WORK TO BE COMPLETED: Everything from the first line of the data below through the line that contains "Online talk on" should be written out exactly, please, and nothing more; the pictures stay out.

MATERIAL PROVIDED:
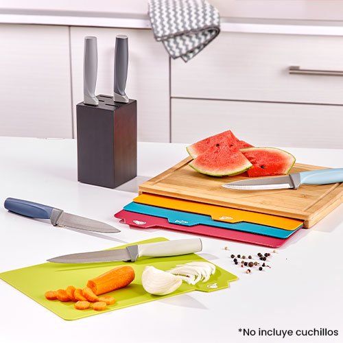 Incluye: 1 tabla de bambú 1 tabla para carne 1 tabla para pollo 1 tabla para pescado 1 tabla para frutas y vegetales Medida de tablas: 28 x 24 cm Medida tabla estuche: 30 x 32 x 2 cm
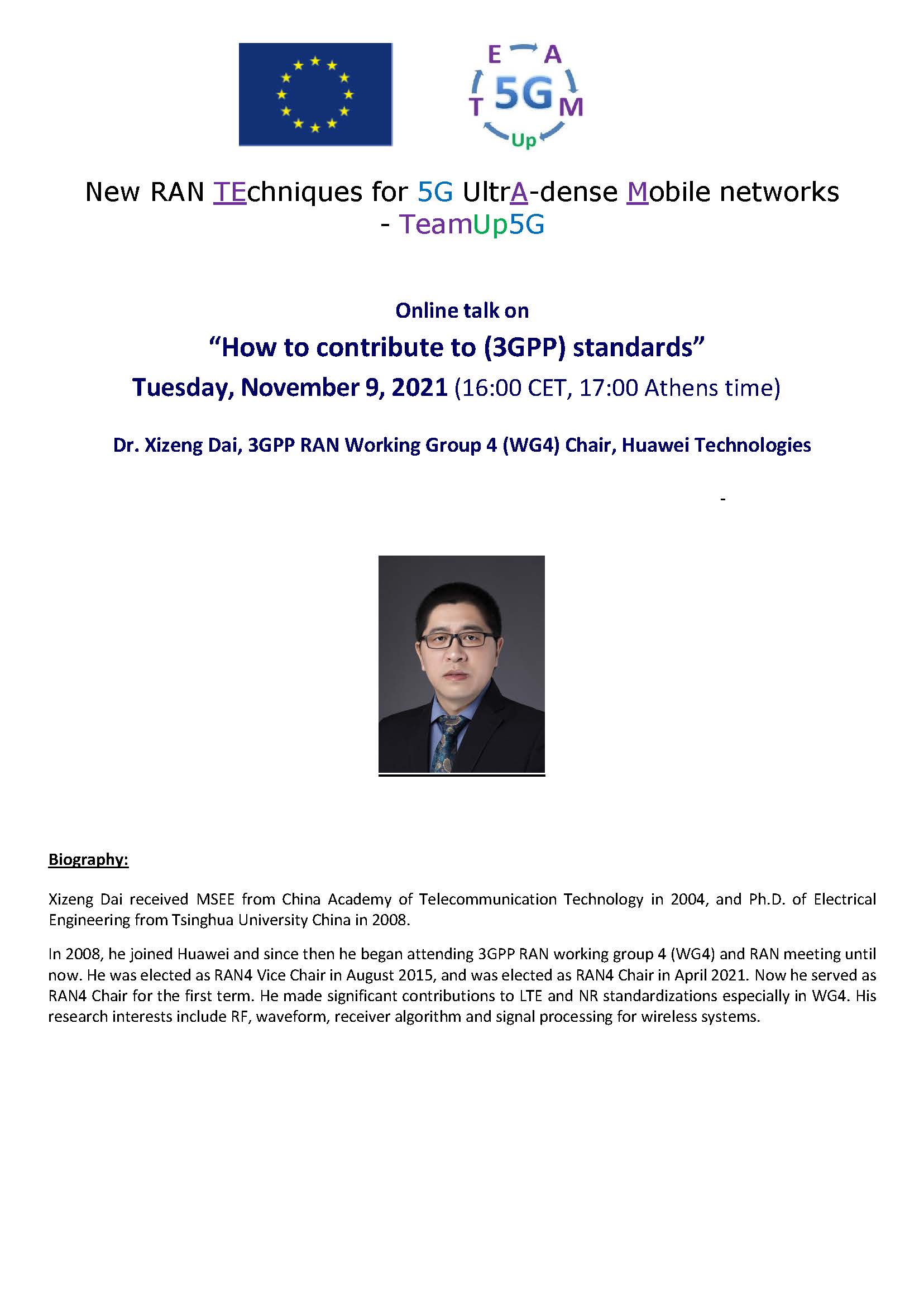 Online talk on “How to contribute to (3GPP) standards” by Dr. Xizeng Dai, 3GPP RAN Working Group 4 (WG4) Chair, Huawei Technologies
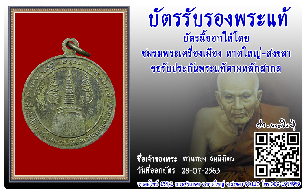 เหรียญพ่อท่านคล้าย วัดธาตุน้อย พ.ศ.2505 2563 28 ก.ค. 2020 385 share tweet share ชื่อพระ : เหรียญพ่อท่านคล้ายประเภท : กลมกลาง บล๊อคหูจุด เนื้ออัลปาก้าวัด-ปี : วัดธาตุน้อย พ.ศ.2505รหัส : No.31244วันที่ออกบัตร : 28-07-2563เจ้าของพระ : ทวนทอง ธนนิมิตร

OUTPUT FOR THIS EXERCISE:
 Incluye: 1 tabla de bambú 1 tabla para carne 1 tabla para pollo 1 tabla para pescado 1 tabla para frutas y vegetales Medida de tablas: 28 x 24 cm Medida tabla estuche: 30 x 32 x 2 cm
 Online talk on “How to contribute to (3GPP) standards” by Dr. Xizeng Dai, 3GPP RAN Working Group 4 (WG4) Chair, Huawei Technologies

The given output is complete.